然而,TD 学习存在一个由初始状态引起的问题。 𝑄(𝑆𝑡+1,𝐴𝑡+1) 的引导值最初是您在学习开始时任意设定的,这与您寻求的真实值无关,因此具有偏差。随着时间的推移,bias会随着更新过程中使用实际经验值而呈指数级衰减。至少对于基本的表格形式的 TD 学习来说,这是成立的。当引入神经网络或其他近似方法时,这种bias可能导致稳定性问题,使得强化学习agent无法学习。
Variance
Looking at how each update mechanism works, you can see that TD learning is exposed to 3 factors, that can each vary (in principle, depending on the environment) over a single time step:
观察每种更新机制的运作方式,你会发现 TD 学习受到 3 个因素的影响,这些因素在每个时间步长内(原则上,取决于环境)都可能发生变化:
What reward 𝑅𝑡+1 will be returned
将会返回什么奖励 𝑅𝑡+1
What the next state 𝑆𝑡+1 will be.
下一个状态 𝑆𝑡+1 将会是什么。
What the policy will choose for 𝐴𝑡+1
政策将为 𝐴𝑡+1 选择什么
Each of these factors may increase the variance of the TD target value. However, the bootstrapping mechanism means that there is no direct variance from other events on the trajectory. That's it.

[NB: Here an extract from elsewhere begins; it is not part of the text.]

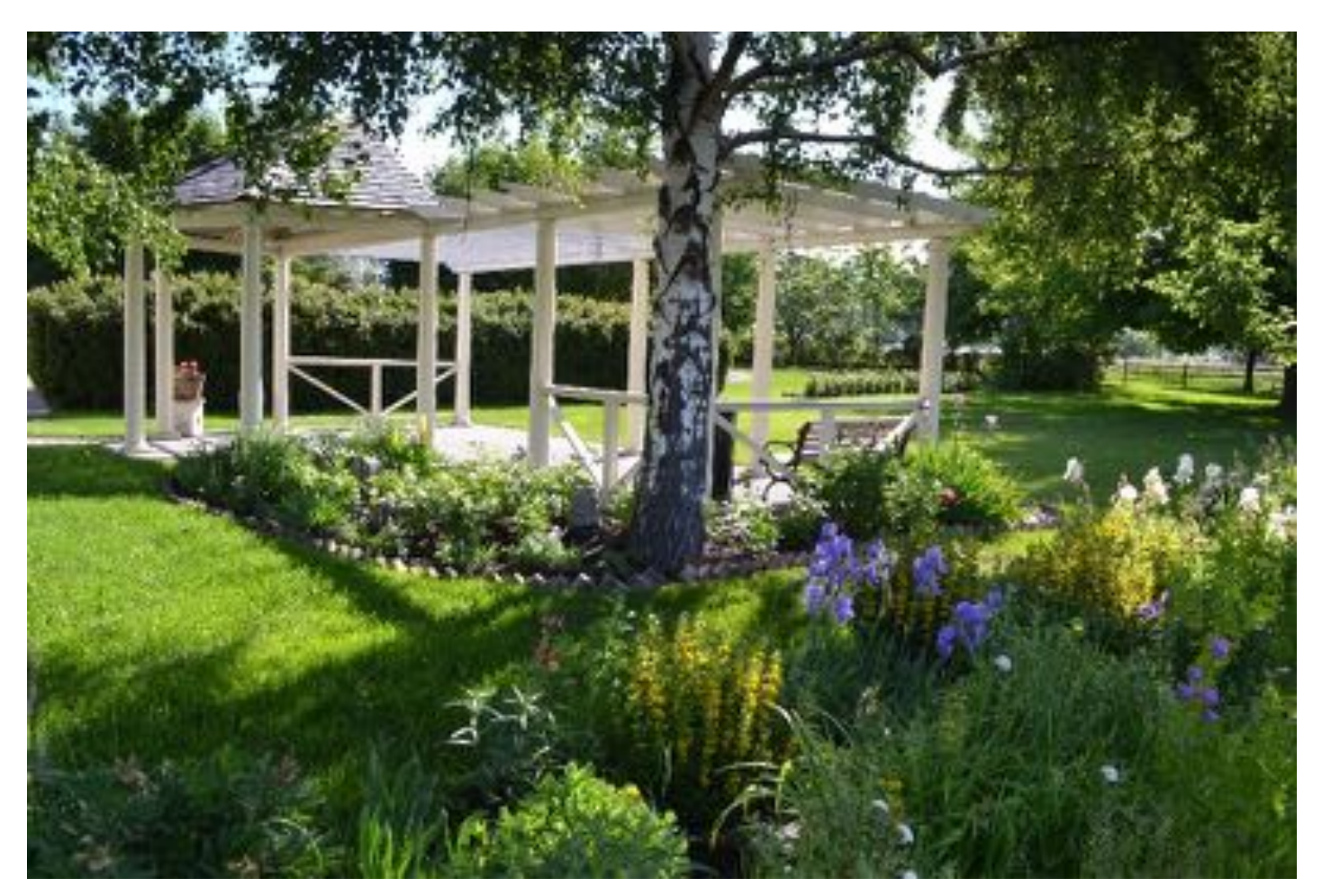
Benvoulin Heritage Park

We are also celebrating the first phase of the reconstruction of our gardens at Benvoulin Heritage Park. Thanks to our Garden Committee and the Okanagan Master Gardeners the irrigation, lighting and gardens are taking on a whole new look!

这些因素中的每一个都可能增加 TD 目标值的variance。然而,自举机制意味着轨迹上的其他事件不会对其产生直接的variance。就是这样。
In comparison, the Monte Carlo return depends on every return, state transition and policy decision from (𝑆𝑡,𝐴𝑡) up to 𝑆𝜏. As this is often multiple time steps, the variance will also be a multiple of that seen in TD learning on the same problem. This is true even in situations with deterministic environments with sparse deterministic rewards, as an exploring policy must be stochastic, which injects some variance on every time step involved in the sampled value estimate.
相比之下,蒙特卡洛回报依赖于从 (𝑆𝑡,𝐴𝑡) 到 𝑆𝜏 的每一个回报、状态转移和策略决策。由于这通常涉及多个时间步,因此variance也将是 TD 学习在同一问题上所见倍数的倍数。即使在具有稀疏确定性奖励的确定性环境中也是如此,因为探索策略必须是随机的,这会在采样值估计所涉及的每个时间步中注入一定的variance。